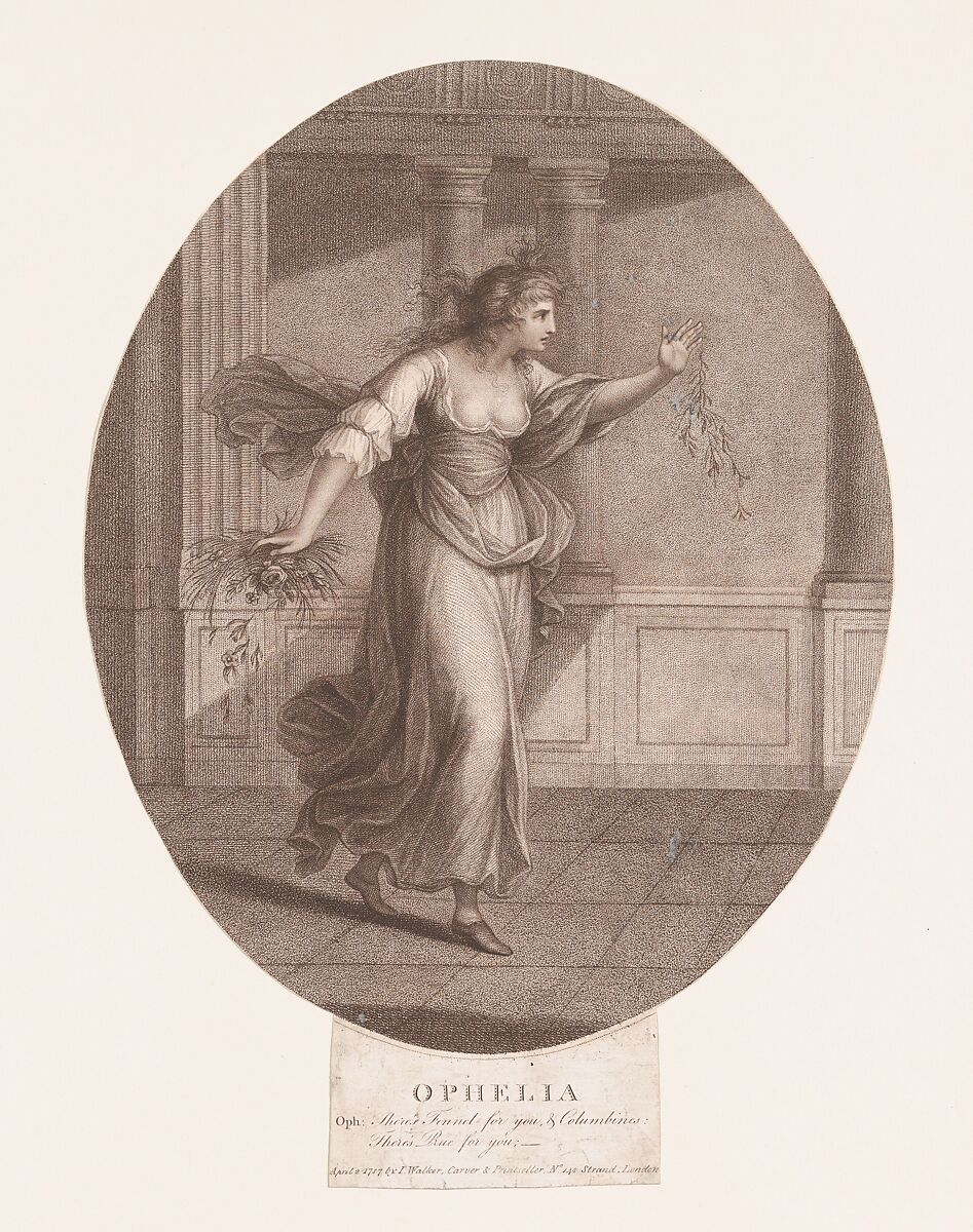 Ophelia appears here in act 4 of Shakespeare's play, her mind unhinged by her father's murder. Singing and crowned with weeds, she offers herbs and flowers to her brother, the queen and king. Soon after this scene, she will fall into a brook while picking flowers and drown. Ryland's print is based on a drawing by Cipriani.
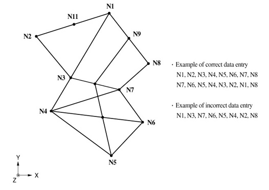 The corner nodes can be consecutively entered as shown in <Fig. 6>. Non-corner nodes such as N9 and N11 need not be defined.
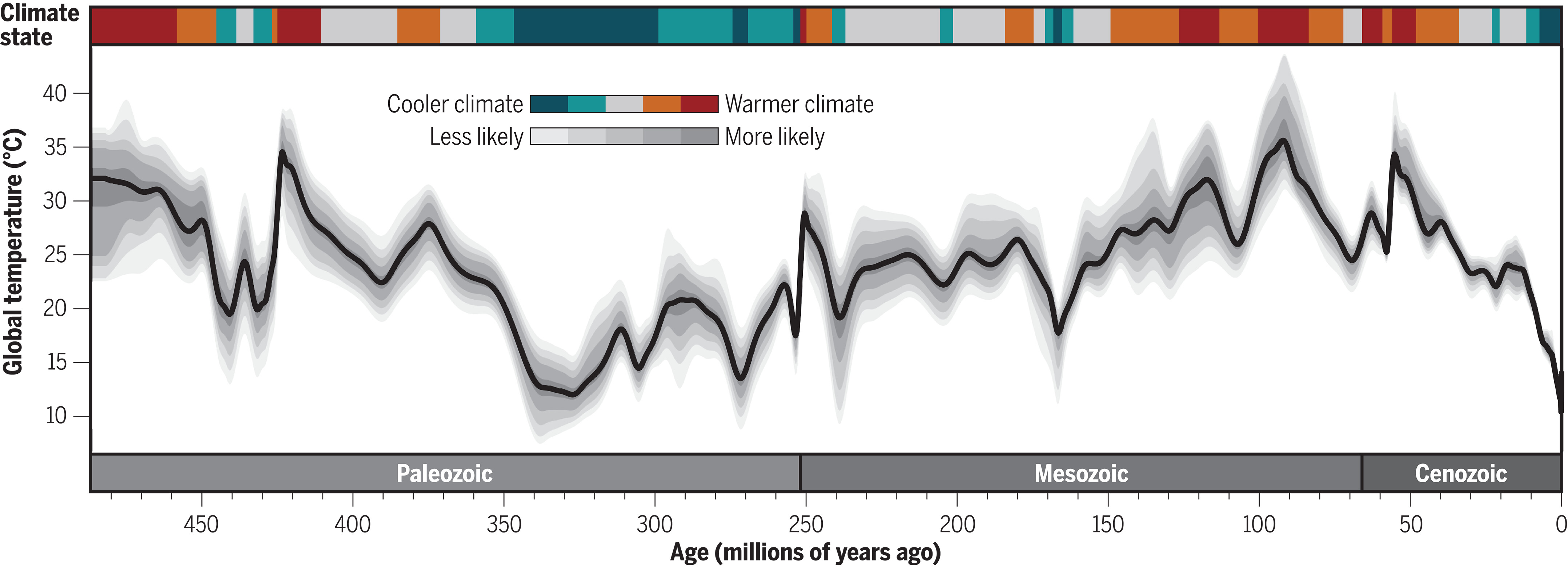 Jorda har vært varm før. For 200 millioner år siden (i Perm-Trias) var den 11C varmere enn i dag. I den 4. kvadranten i grafen ser vi istider der det skifter mellom -5C og 0C. 5 kvadrant viser vår mellomistid (Holocen). Grafen er en form for logaritmisk. 5 kv. viser 20.000 år, mens 1.kv. viser 500 millioner år.
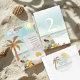 Pure grilligheid, deze strandbruiloft dank u sticker heeft een ontspannen, kustvibe met elementen zoals verdrietig hout, geweven papier en een illustratie van een palmboom en zonmotief. Het gedempte kleurenpalet bevat tinten blauw, groen en zanderig beige, die doen denken aan de oceaan en het strand. Het algemene ontwerp is leuk en romantisch, waardoor het perfect is voor een door kustgeïnspireerde bruiloft.
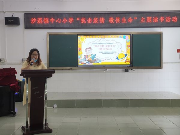 9月9日下午,沙溪鎮中心小學四年級全體師生在學校電教室開展了“ 抗擊疫情,敬畏生命 ”主題讀書活動。本次活動有幸請到家長和學生一起分享親子共讀心得。劉美霞副校長參加了此次活動,劉綺云老師主持活動。
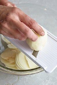 鶏肉は一口大のそぎ切りにして塩、こしょう各少々をふり、薄力粉を薄くまぶす。ブロッコリーは小さめの小房に分ける。じゃがいもは皮をむいて2~3mmの薄切りにする(あればスライサーで。水にさらさない)。
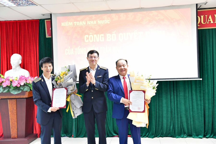 Phó Tổng Kiểm toán nhà nước Doãn Anh Thơ đã trao Quyết định, tặng hoa của KTNN cho đồng chí Vũ Khánh Toàn và đồng chí Vũ An Huy.

REQUIREMENT — Start at the line containing "The corner nodes" above and stop at the line containing "Jorda har vært". Output those lines exactly, both included, but none of the pictures.

RESPONSE —
 The corner nodes can be consecutively entered as shown in <Fig. 6>. Non-corner nodes such as N9 and N11 need not be defined.
 Jorda har vært varm før. For 200 millioner år siden (i Perm-Trias) var den 11C varmere enn i dag. I den 4. kvadranten i grafen ser vi istider der det skifter mellom -5C og 0C. 5 kvadrant viser vår mellomistid (Holocen). Grafen er en form for logaritmisk. 5 kv. viser 20.000 år, mens 1.kv. viser 500 millioner år.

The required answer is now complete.